Życie jest nieprzewidywalne. Dni są nieprzewidywalne. Sytuacje są nieprzewidywalne. Ludzie są nieprzewidywalni. Nawet ci, których kochamy.
Jednego dnia tryskasz energią, by następnego leżeć na łopatkach ze zmęczenia. Masz mnóstwo planów, celów i marzeń a potem chcesz tylko przetrwać do wieczora. Obojętnie jak, bez określonego celu, byle przestać myśleć. Masz nadzieję na lepszy obrót spraw, na zmianę, która wniesie wiele radości, po to, by dostać nożem w plecy w najmniej oczekiwanym momencie. Snujesz plany, które padają znienacka i w rezultacie nie przynoszą zamierzonego efektu a walą prawym sierpowym prosto w pysk. Nadstawiasz drugi policzek, bo myślisz, że potem gorzej już być nie może. Jakże się mylisz, kopanie leżącego to mistrzostwo, w którym szkoli się los.

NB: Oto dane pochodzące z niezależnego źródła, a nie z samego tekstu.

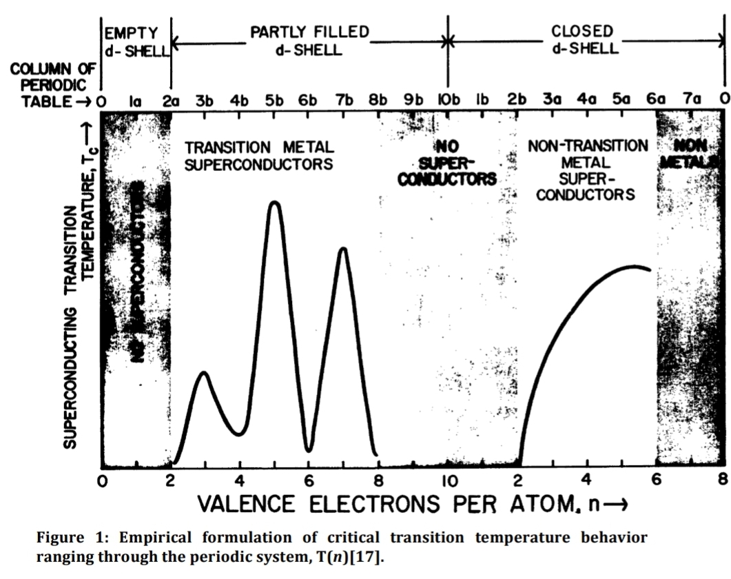 I can't find a copy of the original figure in that paper (and I'm to cheap to spend $35 for a copy right now) but in it he plots perhaps 12 data points and draws by hand two peaks in the superconducting transition temperature vs the number of valence electrons per atom (na). Here's a much later schematic of the plot he made, showing peaks at 5 and 7 na:

Podnosisz się z upadku, bo w głębi duszy wiesz, że jesteś silniejsza niż podejrzewasz. Otrząsasz się z porażki, smutku, wszystkich zawodów, których dostarczyli ci najbliżsi. Sklejasz zranione serce, może się nie zorientuje, że coś jest nie tak. Wychodzi słońce. Najpierw nieśmiało, potem coraz odważniej. I jest. Znów jest nadzieja, radość i cel.
Życie jest nieprzewidywalne. Ale jedno nie zmienia się nigdy. Jesteś mamą. Nieważne ile dźwigasz każdego dnia na swoich barkach, jak ciężka jest kula u nogi, która zatrzymuje cię w połowie drogi. Ile smutku masz w sobie i zawodów. Jesteś mamą. Musisz wstać, musisz żyć, musisz się podnosić, by dać przykład temu małemu człowiekowi, że nieważne co się dzieje, trzeba znaleźć w sobie siłę na pokonanie strachu i porażki. Jak po burzy wychodzi słońce, tak ty patrzysz w oczy tego małego człowieka, którego powołałaś do życia i wiesz, że jesteś dla niego przykładem. Swoim postępowaniem uczysz go jak żyć. Jak radzić sobie w ciężkich chwilach. Jak odnajdować w sobie nadzieję, gdy sama zaczynasz wątpić. Jesteś ostoją, spokojem, bezpieczną przystanią. Najbliższą i najbardziej ukochaną przez niego osobą. Czy możesz zawieźć? Jego i siebie?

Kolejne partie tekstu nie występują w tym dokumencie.